By simple calculation we can easily implement some functions:

a xxx robot is a core module (a raspberry carrying an FDR system) + xxx module +.

This idea is similar to a building block, giving the user more space. The customer is not hesitant to choose which robot to buy, but only needs to buy the core and any modules they want to meet the customer's needs. Under the concept, people only need to purchase a core module (a raspberry pie carrying the FDR system) and required modules to form the robot capable of realizing different functions.

C. Robot collaboration platform

The FDR system consists of a service and a plurality of robots with the FDR system, and provides a way for improving the service quality for the interaction between the FDR robots. The platform can dynamically plan the work (a series of methods which can improve the working efficiency of robot groups such as an optimization algorithm, a path planning algorithm, machine learning and the like are applied), so that the efficiency of completing the work is maximized.

D. Data sharing platform

The platform can carry out big data analysis on the data of the FDR server for the manager, and the management of the manager on the restaurant is facilitated, such as forecasting of the types of dishes, the number of dishes and the taste of food needed to be prepared by the restaurant in different seasons and different dates.

Drawings

Fig. 1 is a schematic overall structure diagram of a distributed system embedded robot with a highly integrated modular design according to the present invention.

Fig. 2 is a front view of a distributed system embedded robot of a highly integrated modular design according to the present invention.

Fig. 3 is a side view of a distributed system embedded robot of a highly integrated modular design according to the present invention.

Fig. 4 is a top view of a distributed system embedded robot with a highly integrated modular design according to the present invention.

Fig. 5 is a diagram showing an individual structure of the FDR robot.

Fig. 6 is an APP page structure diagram.

FIG. 7 Mobile phone application use method.

Figure 8 robot arm work flow diagram.

FIG. 9 is a visual module map.

FIG. 10 is a block diagram of an administrator interface.

FIG. 11FDR GUI work flow diagram.

FIG. 12 is a Demo legend.

FIG. 13 is a schematic diagram illustrating the use of artificial intelligence and cloud computing to enable individual interaction between a user and an FDR system.

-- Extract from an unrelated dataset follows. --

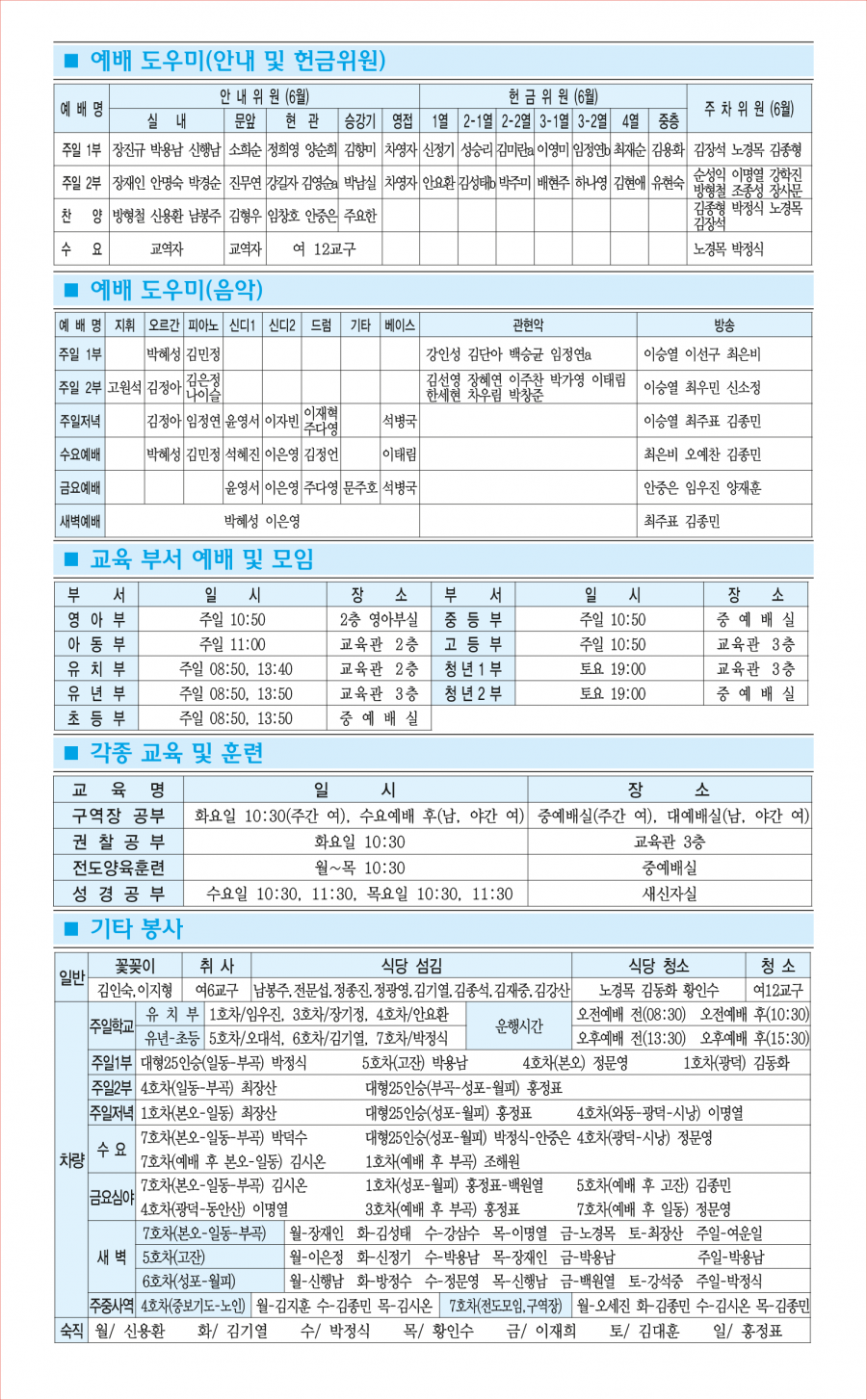 • 교회사역일정

In the figure: arm 1, dish tray 2, keep away barrier system 3, PIXY camera 4, stereo set 5, bearing wheel 6, tracking system 7, USB camera 8, dinner plate place 9, LCD display screen 10.

Detailed Description

In order to make the technical means, the creation characteristics, the achievement purposes and the effects of the invention easy to understand, the invention is further described with the specific embodiments.

As shown in fig. 1-13, a distributed system embedded robot with highly integrated modular design is composed of a mechanical arm 1, a dish tray 2, an obstacle avoidance system 3, a PIXY camera 4, a sound 5, a bearing wheel 6, a tracking system 7, a USB camera 8, a dish placing part 9 and an LCD display screen 10, wherein the bearing wheel 6 is located at the lowest end of the robot, the tracking system 7 is fixedly installed at the front end of the bearing wheel 6, the LCD display screen 10 for displaying information is installed at the middle position of the robot, the mechanical arm 1 is arranged at the upper end of the robot, the USB camera 8 is installed on the mechanical arm 1, the dish tray 2 is installed at the middle position between the mechanical arm 1 and the LCD display screen 10, the dish placing part 9 is arranged on the dish tray 2, the obstacle avoidance system 3 is installed at the lower end of the dish tray 2, and the PIXY camera 4 is additionally installed in the middle of the obstacle avoidance system 3, two sound boxes 5 are arranged below the PIXY camera 4.

The number of the bearing wheels 6 is four, and the bearing wheels are of cylindrical structures; the outer surfaces of the four bearing wheels 6 are provided with grooves; the dinner plate placing positions 9 are of concave square structures, and the number of the dinner plate placing positions is three; a rotating shaft penetrates through the center of the interior of the mechanical arm 1, a stirring sheet is fixedly mounted on the rotating shaft, and the stirring sheet is spiral; the obstacle avoidance systems 3 are respectively positioned on two sides of the PIXY camera 4.

It should be noted that, as shown in fig. 5 to 6, the robot control module, the mobile APP module, the robot arm module vision module, the voice module, the administrator interface module, the VIP service module, and the user interface module are connected to the FDR robot system, so that the FDR robot has more space to meet the task requirement, and the FDR robot method is applied in the following steps:

a. user logs in mobile phone APP to order food

b. User entering FDR robot range of motion

FDR robot detection of faces within a feasible range

d. When the FDR detects a person, the robot may speak something and request the user to present their cell phone

e. If the FDR robot can recognize this color from the cell phone, it may say "thank you! ", then give the user the desired food with the arm, otherwise it would say" where you are! ".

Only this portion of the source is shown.